YOUR GOAL: Restate word for word the lines below from the one that has "Reprodukcja zdjęcia, które" through the one that has "составляет 3,5 В.", keeping both and dropping all pictures.

ENTRIES SUPPLIED:
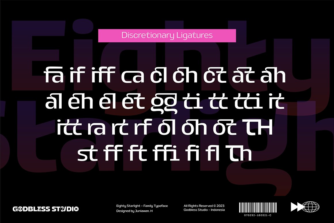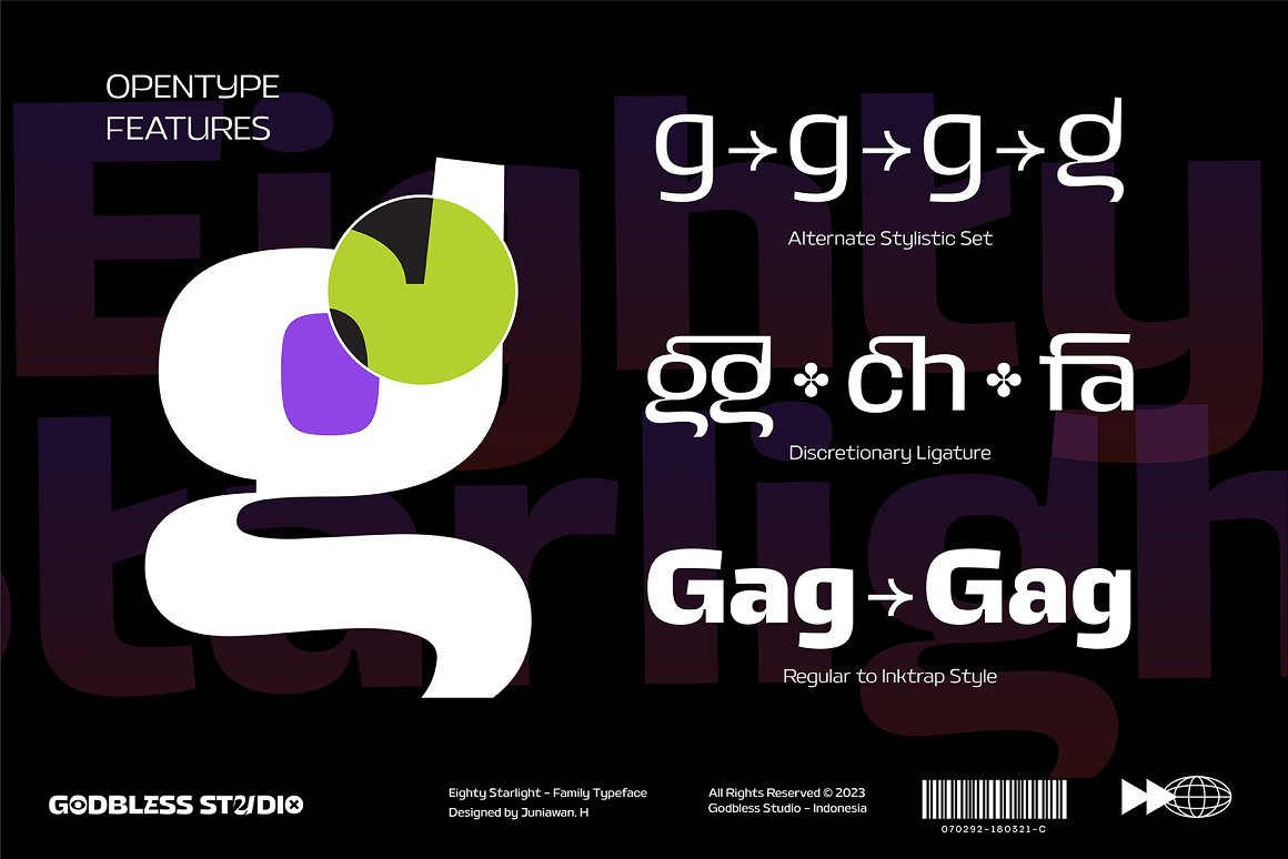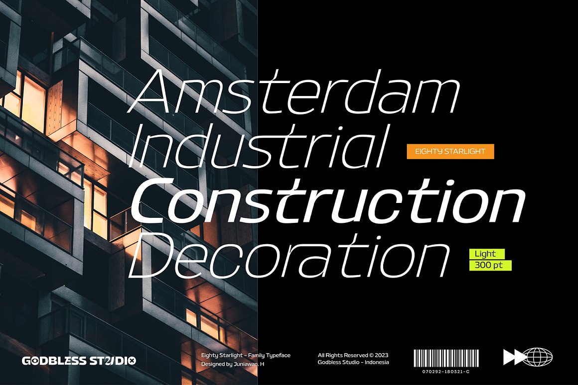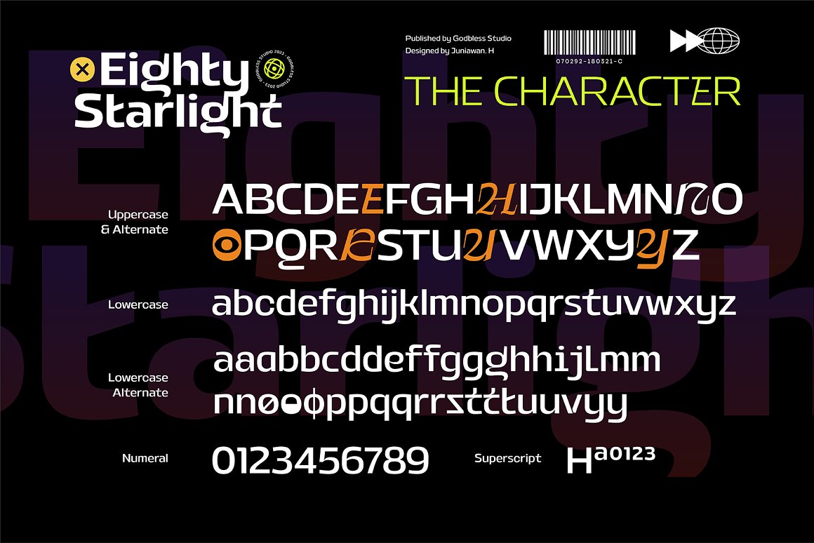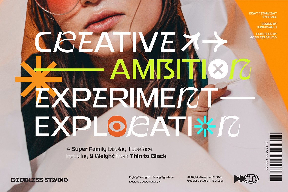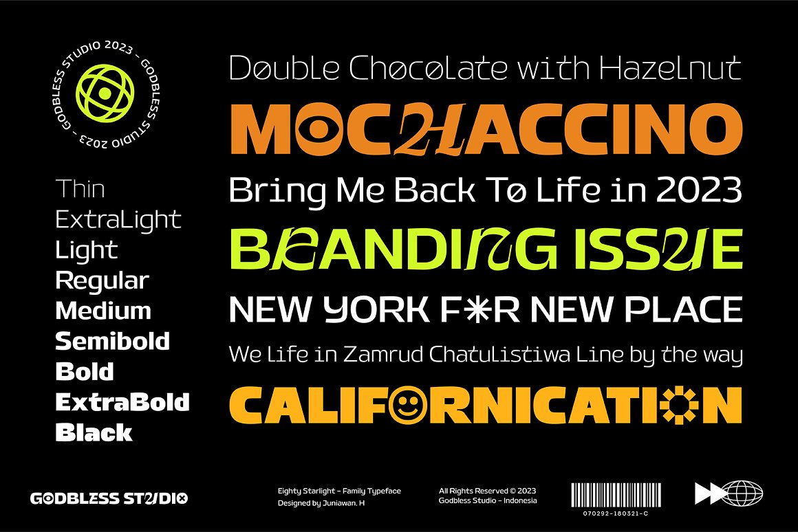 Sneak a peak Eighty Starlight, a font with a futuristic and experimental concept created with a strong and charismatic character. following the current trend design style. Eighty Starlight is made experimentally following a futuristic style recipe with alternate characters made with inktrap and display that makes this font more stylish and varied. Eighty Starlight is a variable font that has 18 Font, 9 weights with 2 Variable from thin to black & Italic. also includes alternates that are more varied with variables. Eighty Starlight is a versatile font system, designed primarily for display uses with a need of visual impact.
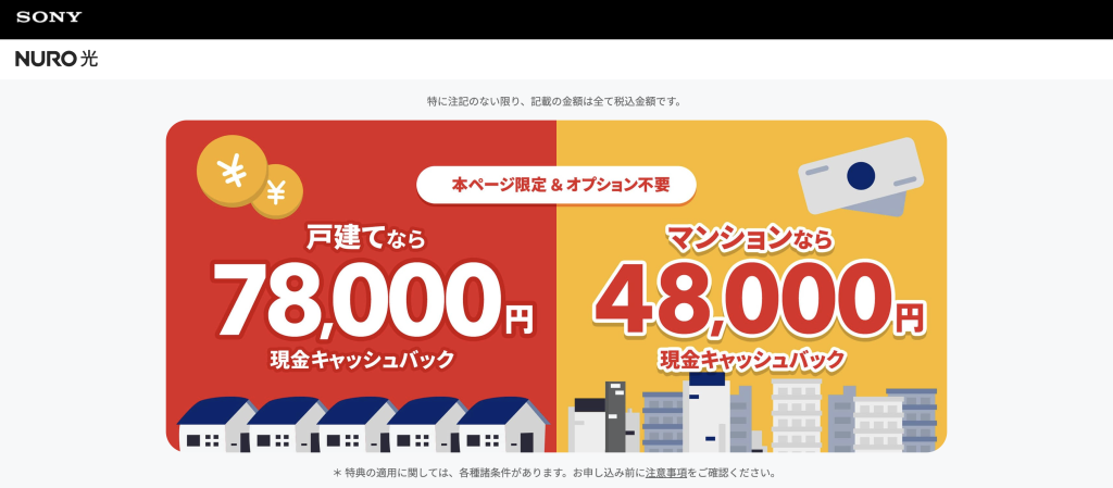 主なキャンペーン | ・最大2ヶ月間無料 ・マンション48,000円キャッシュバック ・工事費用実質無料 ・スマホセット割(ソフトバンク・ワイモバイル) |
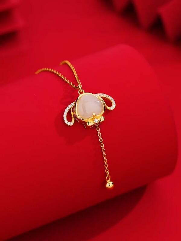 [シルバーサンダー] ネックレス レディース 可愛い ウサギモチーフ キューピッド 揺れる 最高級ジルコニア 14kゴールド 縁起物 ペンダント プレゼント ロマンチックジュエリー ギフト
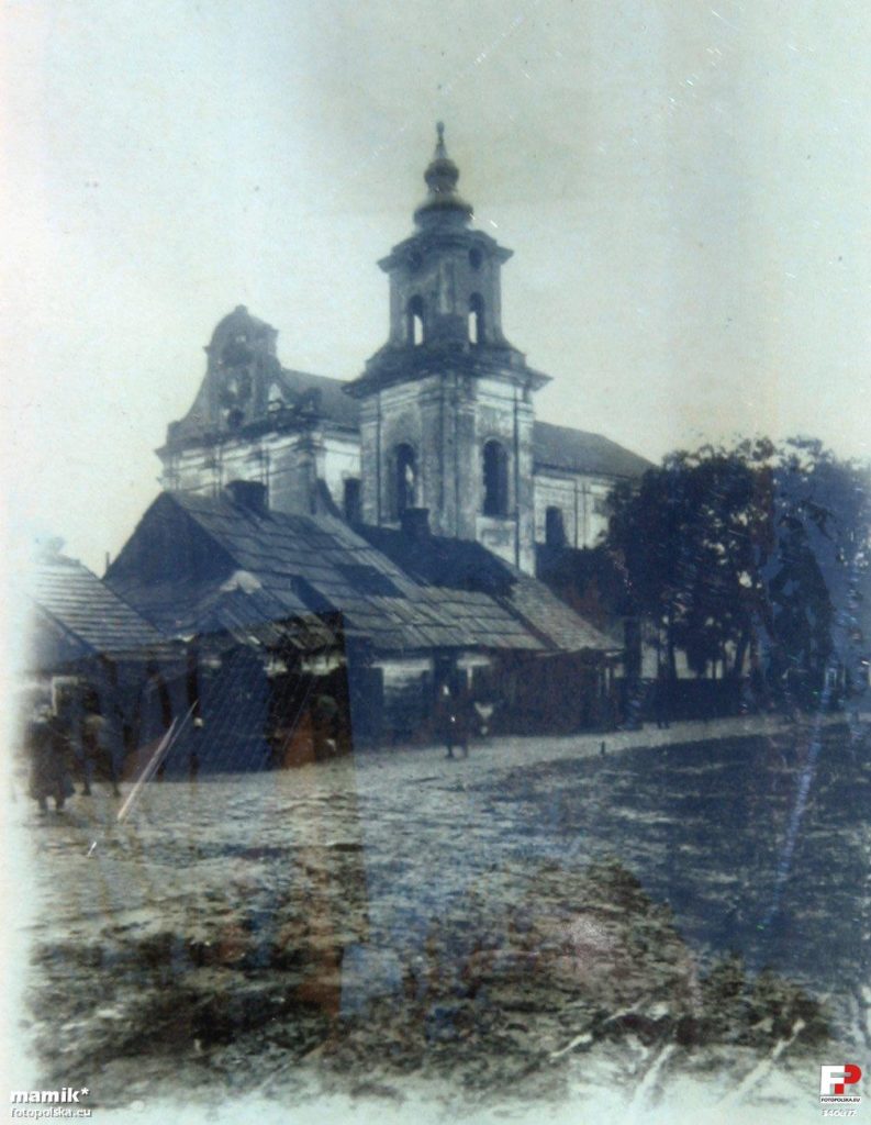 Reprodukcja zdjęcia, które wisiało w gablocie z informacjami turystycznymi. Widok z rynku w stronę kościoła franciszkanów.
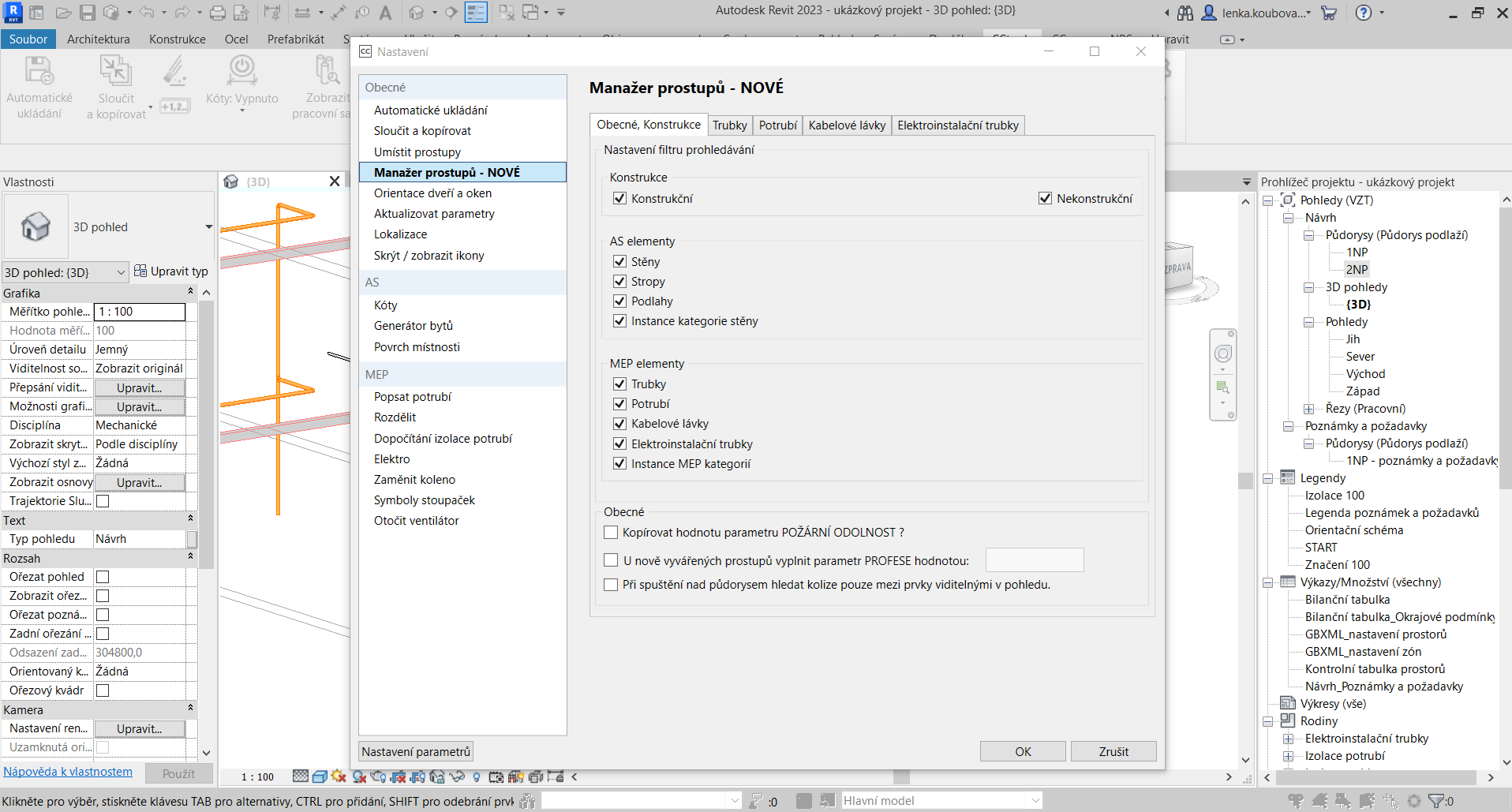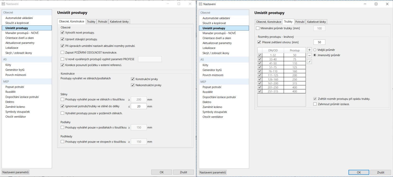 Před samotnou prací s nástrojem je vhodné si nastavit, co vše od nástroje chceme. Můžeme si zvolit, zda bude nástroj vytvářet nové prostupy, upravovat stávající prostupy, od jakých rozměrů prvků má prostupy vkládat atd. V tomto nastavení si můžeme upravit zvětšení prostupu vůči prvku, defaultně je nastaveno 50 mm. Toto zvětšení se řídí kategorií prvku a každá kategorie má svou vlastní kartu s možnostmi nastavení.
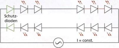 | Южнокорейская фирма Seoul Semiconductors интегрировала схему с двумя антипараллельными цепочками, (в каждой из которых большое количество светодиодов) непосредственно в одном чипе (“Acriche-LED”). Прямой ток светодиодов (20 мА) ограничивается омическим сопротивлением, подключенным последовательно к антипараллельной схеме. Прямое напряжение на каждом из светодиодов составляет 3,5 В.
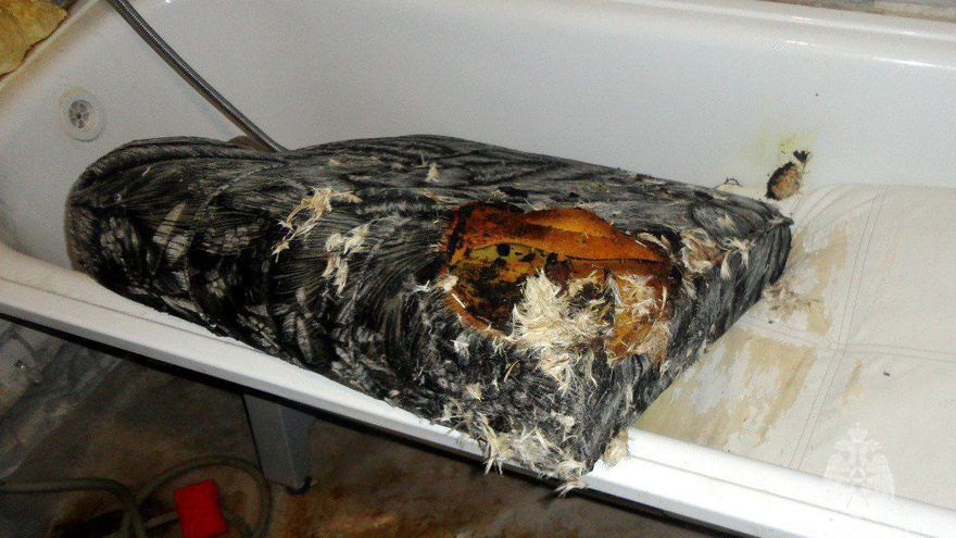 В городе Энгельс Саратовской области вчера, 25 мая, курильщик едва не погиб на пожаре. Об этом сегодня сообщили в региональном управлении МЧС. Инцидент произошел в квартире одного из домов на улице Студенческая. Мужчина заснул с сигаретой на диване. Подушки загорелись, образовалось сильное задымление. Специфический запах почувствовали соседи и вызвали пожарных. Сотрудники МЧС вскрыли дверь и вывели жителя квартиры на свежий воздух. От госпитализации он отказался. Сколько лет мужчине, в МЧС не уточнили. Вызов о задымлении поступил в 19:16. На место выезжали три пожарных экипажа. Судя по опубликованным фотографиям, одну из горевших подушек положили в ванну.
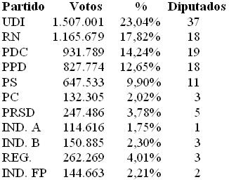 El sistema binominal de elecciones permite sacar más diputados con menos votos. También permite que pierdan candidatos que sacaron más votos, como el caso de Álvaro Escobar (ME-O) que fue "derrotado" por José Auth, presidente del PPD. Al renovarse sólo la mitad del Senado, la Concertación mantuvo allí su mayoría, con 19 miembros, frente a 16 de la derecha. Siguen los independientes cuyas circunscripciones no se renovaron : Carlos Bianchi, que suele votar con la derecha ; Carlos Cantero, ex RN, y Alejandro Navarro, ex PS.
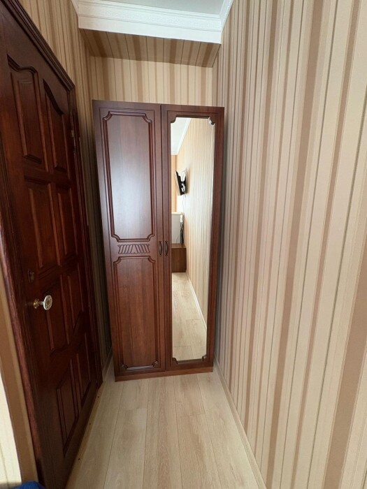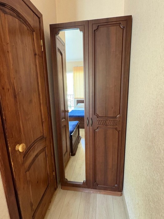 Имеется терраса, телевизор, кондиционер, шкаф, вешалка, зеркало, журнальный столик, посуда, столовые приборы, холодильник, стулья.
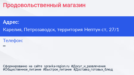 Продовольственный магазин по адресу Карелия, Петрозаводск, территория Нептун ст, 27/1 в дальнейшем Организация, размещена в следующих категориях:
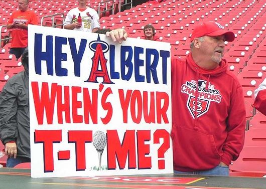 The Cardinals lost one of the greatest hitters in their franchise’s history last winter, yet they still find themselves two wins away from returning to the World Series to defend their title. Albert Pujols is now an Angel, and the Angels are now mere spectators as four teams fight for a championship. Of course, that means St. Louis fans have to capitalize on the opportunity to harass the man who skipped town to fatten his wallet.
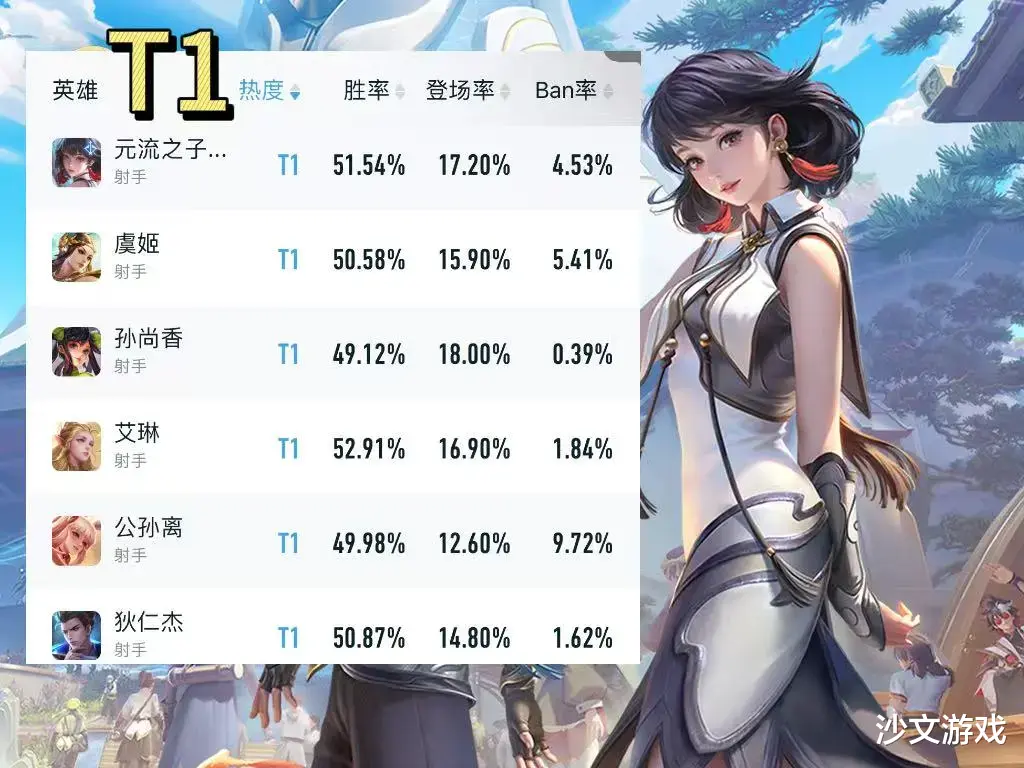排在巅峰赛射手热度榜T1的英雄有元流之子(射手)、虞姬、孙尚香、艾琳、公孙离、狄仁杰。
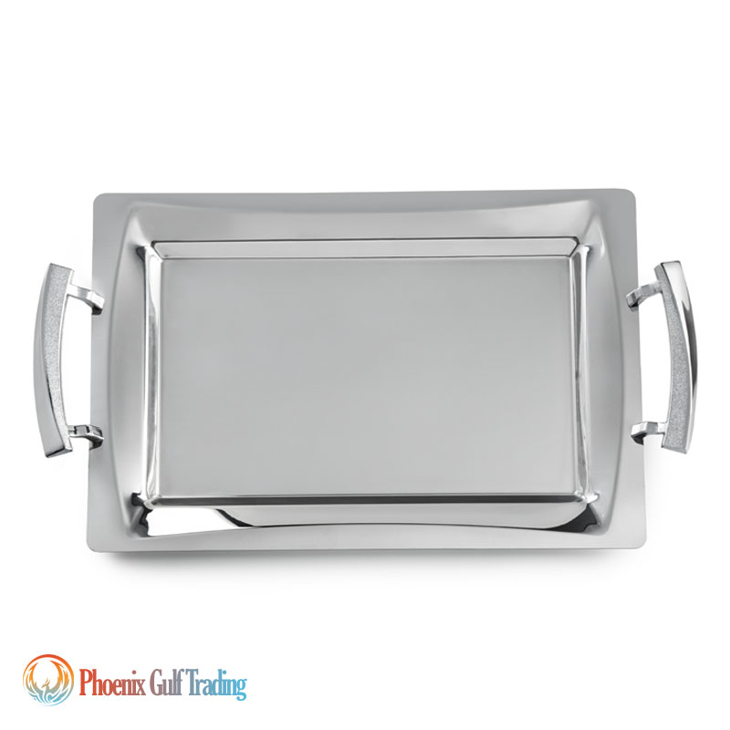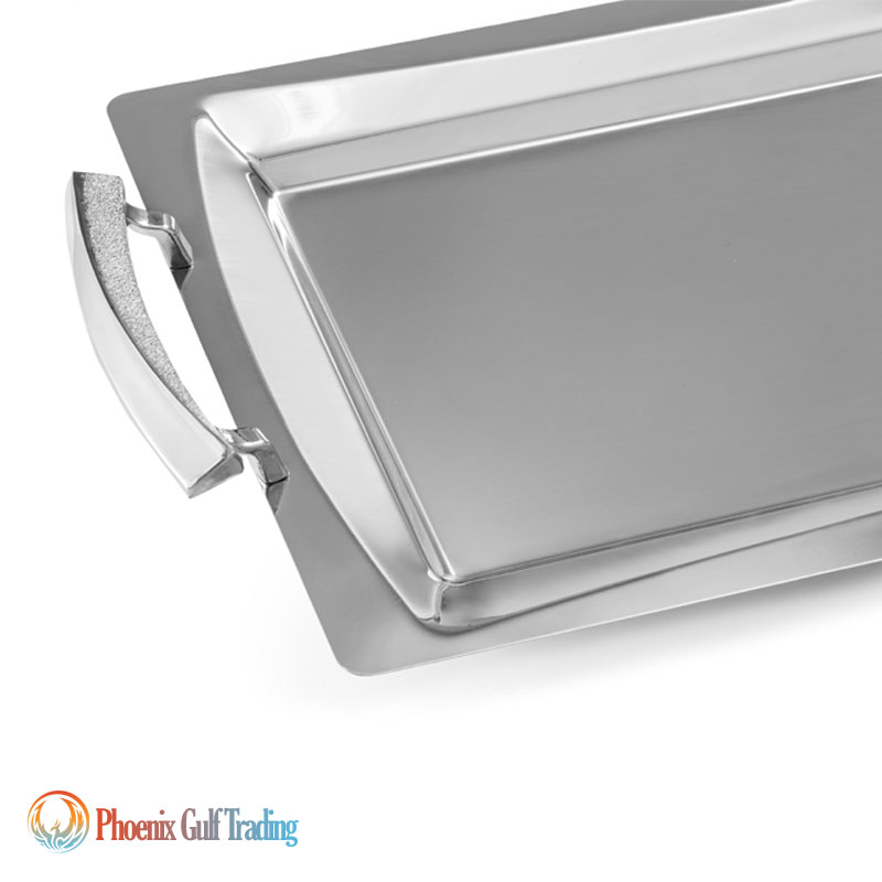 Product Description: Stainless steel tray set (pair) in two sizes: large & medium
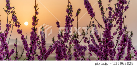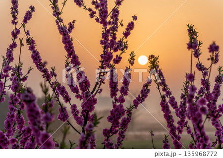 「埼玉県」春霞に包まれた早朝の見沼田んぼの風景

EXERCISE SOLUTION:
 Reprodukcja zdjęcia, które wisiało w gablocie z informacjami turystycznymi. Widok z rynku w stronę kościoła franciszkanów.
 Před samotnou prací s nástrojem je vhodné si nastavit, co vše od nástroje chceme. Můžeme si zvolit, zda bude nástroj vytvářet nové prostupy, upravovat stávající prostupy, od jakých rozměrů prvků má prostupy vkládat atd. V tomto nastavení si můžeme upravit zvětšení prostupu vůči prvku, defaultně je nastaveno 50 mm. Toto zvětšení se řídí kategorií prvku a každá kategorie má svou vlastní kartu s možnostmi nastavení.
 | Южнокорейская фирма Seoul Semiconductors интегрировала схему с двумя антипараллельными цепочками, (в каждой из которых большое количество светодиодов) непосредственно в одном чипе (“Acriche-LED”). Прямой ток светодиодов (20 мА) ограничивается омическим сопротивлением, подключенным последовательно к антипараллельной схеме. Прямое напряжение на каждом из светодиодов составляет 3,5 В.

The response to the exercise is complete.